In Re Three Minor Children

Annotate this Case

289 A.2d 434 (1972)

In re THREE MINOR CHILDREN.

No. 1397-Appeal.

Supreme Court of Rhode Island.

April 7, 1972.

*435 Harold E. Krause, Jr., Rhode Island Legal Services, Inc., for appellant.

Richard J. Israel, Attorney General, Alexander G. Teitz, Special Assistant Attorney General, for appellee.

OPINION

ROBERTS, Chief Justice.

These petitions were filed on April 9, 1970, by the Child Welfare Services, a division of the Department of Social Welfare, praying that it be awarded custody of three minor children of the appellant, at that time aged 9, 10, and 12 years, as neglected children. Later the mother, hereinafter referred to as the appellant, on May 18, 1970, moved in the Family Court to dismiss the petitions, which motion, after hearing, was denied on June 4, 1970. Subsequently the Family Court held a further hearing on the petitions, found the children to be neglected, and ordered them into the custody of the Child Welfare Services. Thereafter, the appellant prosecuted an appeal to this court only from the denial of her motion to dismiss each of the petitions.

In each of the petitions the Child Welfare Services, hereinafter referred to as the petitioner, alleged that "* * * the said child is neglected due to lack of proper parental care and guardianship * * * ." The petitions contain no further allegations as to the facts and circumstances that petitioner contends constituted neglect. In prosecuting her appeal, appellant contends that the petitions violate the due process clause of the fourteenth amendment of the Constitution of the United States in that they do not provide adequate notice of the charges to which she was required to respond and that the petitions do not contain the factual allegations she contends are required to be set out therein under G.L. 1956 (1969 Reenactment) § 14-1-12.

In each petition, petitioner alleges a conclusion that one of the children is "a neglected child" and in support of that conclusion further alleges the fact that "* * * the said child is neglected due to lack of proper parental care and guardianship * * *." The statute, § 14-1-3(H), defines a neglected child as one "who has not the proper parental care or guardianship."

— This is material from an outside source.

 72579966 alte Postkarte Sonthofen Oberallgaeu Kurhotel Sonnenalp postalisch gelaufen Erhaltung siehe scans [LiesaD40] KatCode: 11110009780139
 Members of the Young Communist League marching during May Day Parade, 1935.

In other words, we think that appellant's contention that each petition alleges only a conclusion is without merit, the conclusion being that the children are neglected and the allegations as to lack of proper parental care and guardianship being allegations of fact in support of that conclusion. It is our opinion that the notice, then, is such as would be "`* * * reasonably calculated, under all the circumstances, to apprise interested parties of the pendency of the action and afford them an opportunity to present their objections.'" Cugini v. Chiaradio, 96 R.I. 120, 126, 189 A.2d 798, 801 (1963), citing Mullane v. Central Hanover Bank & Trust Co., 339 U.S. 306, 314, 70 S. Ct. 652, 657, 94 L. Ed. 865, 873 (1950), and Schroeder v. City of New York, 371 U.S. 208, 83 S. Ct. 279, 9 L. Ed. 2d 255 (1962). See also Zeigler v. Masterson, 109 R.I. 337, 284 A.2d 584 (1971). We conclude that the instant petition makes an adequate disclosure of the facts supporting the charge against which appellant must defend and, therefore, is not violative of the constitutional concept of procedural due process.

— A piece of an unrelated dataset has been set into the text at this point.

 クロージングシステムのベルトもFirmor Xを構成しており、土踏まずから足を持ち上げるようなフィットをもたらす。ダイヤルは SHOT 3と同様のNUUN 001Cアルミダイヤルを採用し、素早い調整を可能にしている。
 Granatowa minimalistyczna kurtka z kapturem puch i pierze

Without intending to extend this discussion as to the effect of the availability of a bill of particulars on the adequacy of the petition and the adequacy of the notice set out in the petition, we are unable to perceive that Coe v. Armour Fertilizer Works, 237 U.S. 413, 424-26, 35 S. Ct. 625, 629-30, 59 L. Ed. 1027, 1031-32 (1915), is in point here. In the instant case it is *436 our view that the notice is sufficient in the constitutional sense and that a bill of particulars in such circumstances is an appropriate supplement to clarify the issues for the parties. State v. Berberian, 100 R.I. 413, 415, 216 A.2d 507, 510 (1966); State v. Brown, 97 R.I. 115, 121, 196 A.2d 133, 137 (1963).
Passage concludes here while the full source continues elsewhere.